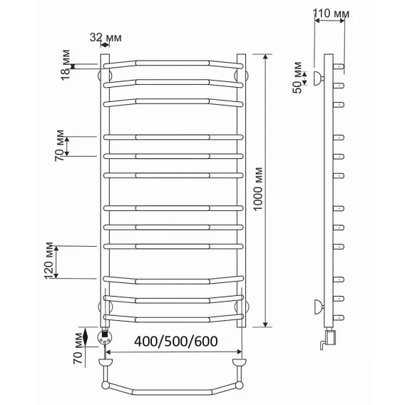 Полотенцесушитель электрический 570x432 ТЭН правый Secado Триада 1 4603777460921
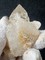 G3-A-3b: Zwei Seiten der massiven schiefrigen Matrix sind mit Kritallen bewachen. Eine Seite trägt ein Fadenquarz-Aggregat (siehe Bilder 2,4 und 6), weitere klare Quarze sowie viele gelbliche angelöste Calcit-Kristalle bis ca. 12 mm. Die andere Seite ist bedeckt mit oft flach verzerrten Bergkristallen bis ca. 30 mm und vielen Calciten bis ca. 10 mm, die oberflächlich mit dunkelbraunem Limonit bedeckt sind. Größe: ca. 170 x 90 x 80 mm / Gewicht: 1332 g / 42,00 €
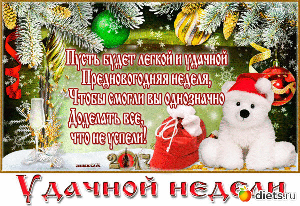 Пришло время подумать о будущем. Можно планировать отпуск, отдых на выходных, в новогодние праздники, составлять чек-листы на новогоднюю ночь. Планеты и звезды на этой неделе относительно позитивны, поэтому дела вряд ли будут срываться без причины. Лучше тратить деньги обдуманно. На выходных необходимо сделать генеральную уборку — это будет отличной подготовкой к новогодним праздникам и к окончанию года. Поднять настроение на буднях помогут гости. Можно устроить приятную встречу друзей, чтобы обсудить дела и пообщаться.
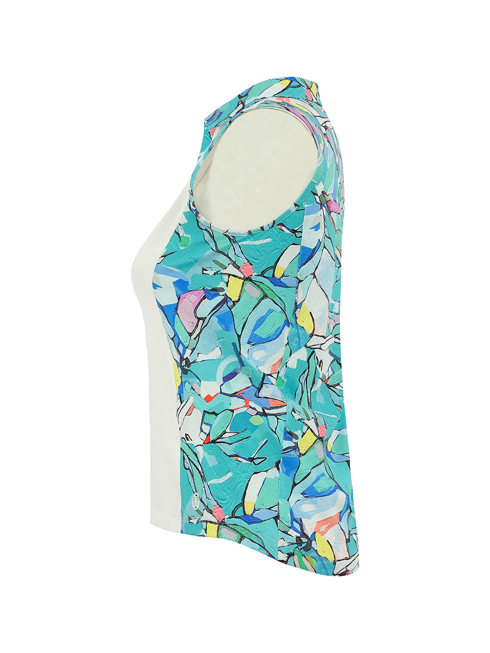 A polished sleeveless polo that blends sporty ease with artistic detail. The clean ivory body is accented by a vibrant mosaic-inspired print along the collar and sides, featuring fresh shades of turquoise, blue, and soft coral. Finished with a classic collar and flattering V-notch neckline, this lightweight top delivers comfort, movement, and modern elegance—perfect for the course or casual summer styling.
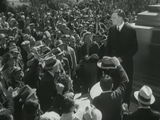 Cette situation fait sans le moindre doute référence à un événement d’ampleur survenu dans la première moitié de l’année 1932, lorsque 15 000 vétérans de guerre marchèrent sur la capitale pour exiger que leurs allocations chômage leurs soient versées. Le président d’alors, Herbert Hoover, fut incapable de faire passer une loi leur étant favorable, et n’eut d’autre choix que d’employer l’armée en service pour évacuer les manifestants, sous la pression de la classe politique. Hearst, qui était de tout cœur avec les vétérans, fut l’un des rares critiques à l’égard de cette décision, qu’il qualifia de stupidité outrancière. Dans le film, cependant, Hammond n’emploie aucune force face aux citoyens mécontents (il destitue même un secrétaire d’état – celui à qui il doit en partie le financement de sa campagne – car celui-ci veut envoyer l’armée), mais parvient à un accord avec eux, adoptant une position populiste et massivement interventionniste, assimilant de ce fait la politique de Hoover à une incompétence crasse. On notera également que le film présente une foule de manifestants ordonnée, civilisée et aux réclamations légitimes (point surligné par le fait qu’ils exigent du travail et non de l’argent), ramenée à l’ordre par le seul pouvoir rhétorique du président qui vient les rencontrer avant même qu’ils n’arrivent à Washington, comme pour louer à la fois les hauts faits de ce dernier et la contenance fière et mesurée du peuple.
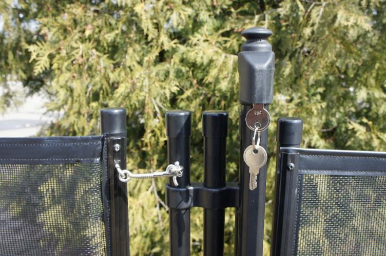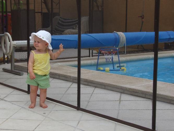 Конструкція огорожі Baby Shield - повністю виключає можливість попадання в воду басейну дітей та домашніх тварин. Це міцна щільна скловолокниста сітчаста тканина (шириною 0,90 м), закріплена до стійок.
:::::
• _EXERCISE_:
Each entry above must be restated word for word; the pictures stay out of the copy.

• _EXERCISE RESULT_:
 Полотенцесушитель электрический 570x432 ТЭН правый Secado Триада 1 4603777460921
 G3-A-3b: Zwei Seiten der massiven schiefrigen Matrix sind mit Kritallen bewachen. Eine Seite trägt ein Fadenquarz-Aggregat (siehe Bilder 2,4 und 6), weitere klare Quarze sowie viele gelbliche angelöste Calcit-Kristalle bis ca. 12 mm. Die andere Seite ist bedeckt mit oft flach verzerrten Bergkristallen bis ca. 30 mm und vielen Calciten bis ca. 10 mm, die oberflächlich mit dunkelbraunem Limonit bedeckt sind. Größe: ca. 170 x 90 x 80 mm / Gewicht: 1332 g / 42,00 €
 Пришло время подумать о будущем. Можно планировать отпуск, отдых на выходных, в новогодние праздники, составлять чек-листы на новогоднюю ночь. Планеты и звезды на этой неделе относительно позитивны, поэтому дела вряд ли будут срываться без причины. Лучше тратить деньги обдуманно. На выходных необходимо сделать генеральную уборку — это будет отличной подготовкой к новогодним праздникам и к окончанию года. Поднять настроение на буднях помогут гости. Можно устроить приятную встречу друзей, чтобы обсудить дела и пообщаться.
 A polished sleeveless polo that blends sporty ease with artistic detail. The clean ivory body is accented by a vibrant mosaic-inspired print along the collar and sides, featuring fresh shades of turquoise, blue, and soft coral. Finished with a classic collar and flattering V-notch neckline, this lightweight top delivers comfort, movement, and modern elegance—perfect for the course or casual summer styling.
 Cette situation fait sans le moindre doute référence à un événement d’ampleur survenu dans la première moitié de l’année 1932, lorsque 15 000 vétérans de guerre marchèrent sur la capitale pour exiger que leurs allocations chômage leurs soient versées. Le président d’alors, Herbert Hoover, fut incapable de faire passer une loi leur étant favorable, et n’eut d’autre choix que d’employer l’armée en service pour évacuer les manifestants, sous la pression de la classe politique. Hearst, qui était de tout cœur avec les vétérans, fut l’un des rares critiques à l’égard de cette décision, qu’il qualifia de stupidité outrancière. Dans le film, cependant, Hammond n’emploie aucune force face aux citoyens mécontents (il destitue même un secrétaire d’état – celui à qui il doit en partie le financement de sa campagne – car celui-ci veut envoyer l’armée), mais parvient à un accord avec eux, adoptant une position populiste et massivement interventionniste, assimilant de ce fait la politique de Hoover à une incompétence crasse. On notera également que le film présente une foule de manifestants ordonnée, civilisée et aux réclamations légitimes (point surligné par le fait qu’ils exigent du travail et non de l’argent), ramenée à l’ordre par le seul pouvoir rhétorique du président qui vient les rencontrer avant même qu’ils n’arrivent à Washington, comme pour louer à la fois les hauts faits de ce dernier et la contenance fière et mesurée du peuple.
 Конструкція огорожі Baby Shield - повністю виключає можливість попадання в воду басейну дітей та домашніх тварин. Це міцна щільна скловолокниста сітчаста тканина (шириною 0,90 м), закріплена до стійок.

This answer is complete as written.